*WORK INSTRUCTIONS*
What you output must match the entries exactly, apart from the pictures, which are left out.

*EXERCISE MATERIALS*
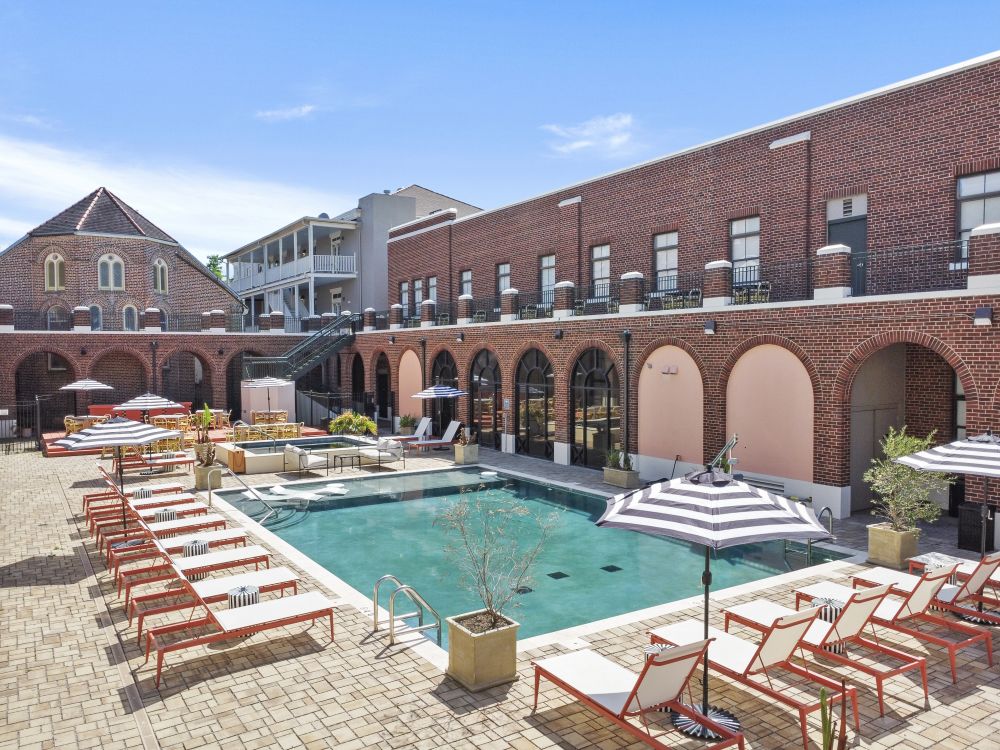 Outside, enjoy the property's community amenities, including a refreshing outdoor pool, peaceful seating areas, and a lush courtyard. It’s the perfect spot to sip a drink and soak in the tranquil surroundings before diving into the city’s vibrant nightlife.
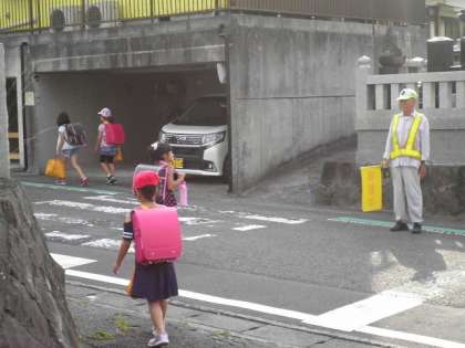 夏の交通安全県民運動に合わせ、地域の皆様が横断歩道で旗振りをしてくださいます♬
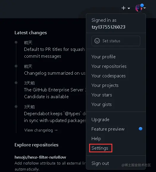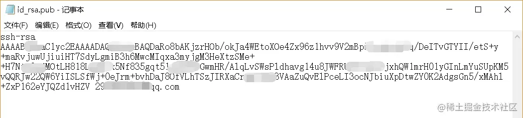 用记事本打开上述图片中的公钥(id_rsa.pub),复制里面的内容,然后开始在github中配置ssh密钥。
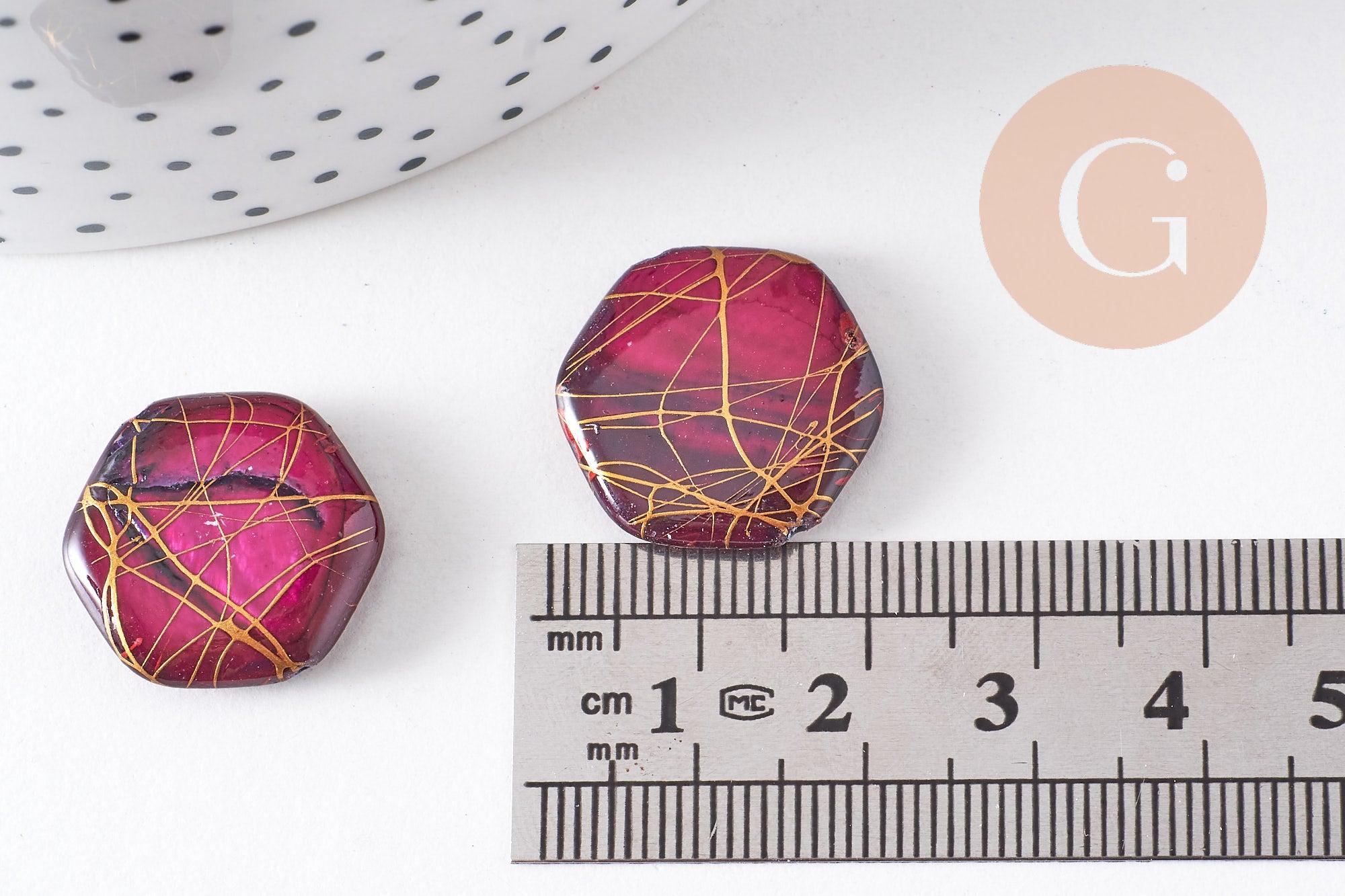 Fall for these hexagonal beads in natural mother-of-pearl tinted in fuchsia pink and decorated with gold thread.
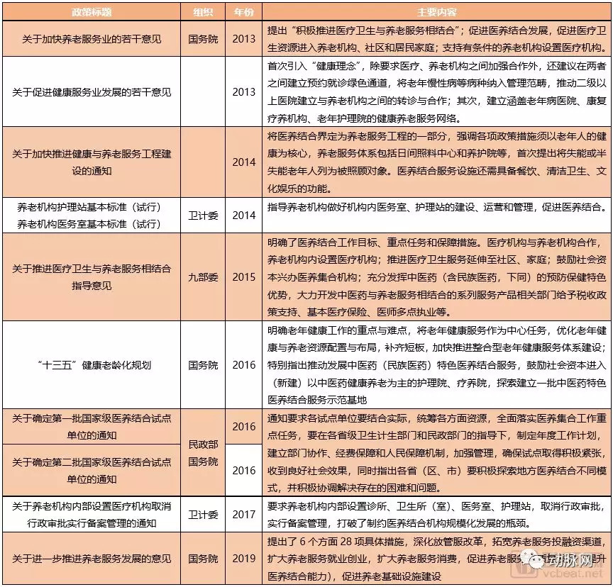 政策趋势放开医疗卫生行业和养老服务行业的部门行政管理,打破行业垄断;同时通过付费制度改革,探索建立长期照护保险制度等推动医养结合的发展。

*EXERCISE ANSWER*
 Outside, enjoy the property's community amenities, including a refreshing outdoor pool, peaceful seating areas, and a lush courtyard. It’s the perfect spot to sip a drink and soak in the tranquil surroundings before diving into the city’s vibrant nightlife.
 夏の交通安全県民運動に合わせ、地域の皆様が横断歩道で旗振りをしてくださいます♬
 用记事本打开上述图片中的公钥(id_rsa.pub),复制里面的内容,然后开始在github中配置ssh密钥。
 Fall for these hexagonal beads in natural mother-of-pearl tinted in fuchsia pink and decorated with gold thread.
 政策趋势放开医疗卫生行业和养老服务行业的部门行政管理,打破行业垄断;同时通过付费制度改革,探索建立长期照护保险制度等推动医养结合的发展。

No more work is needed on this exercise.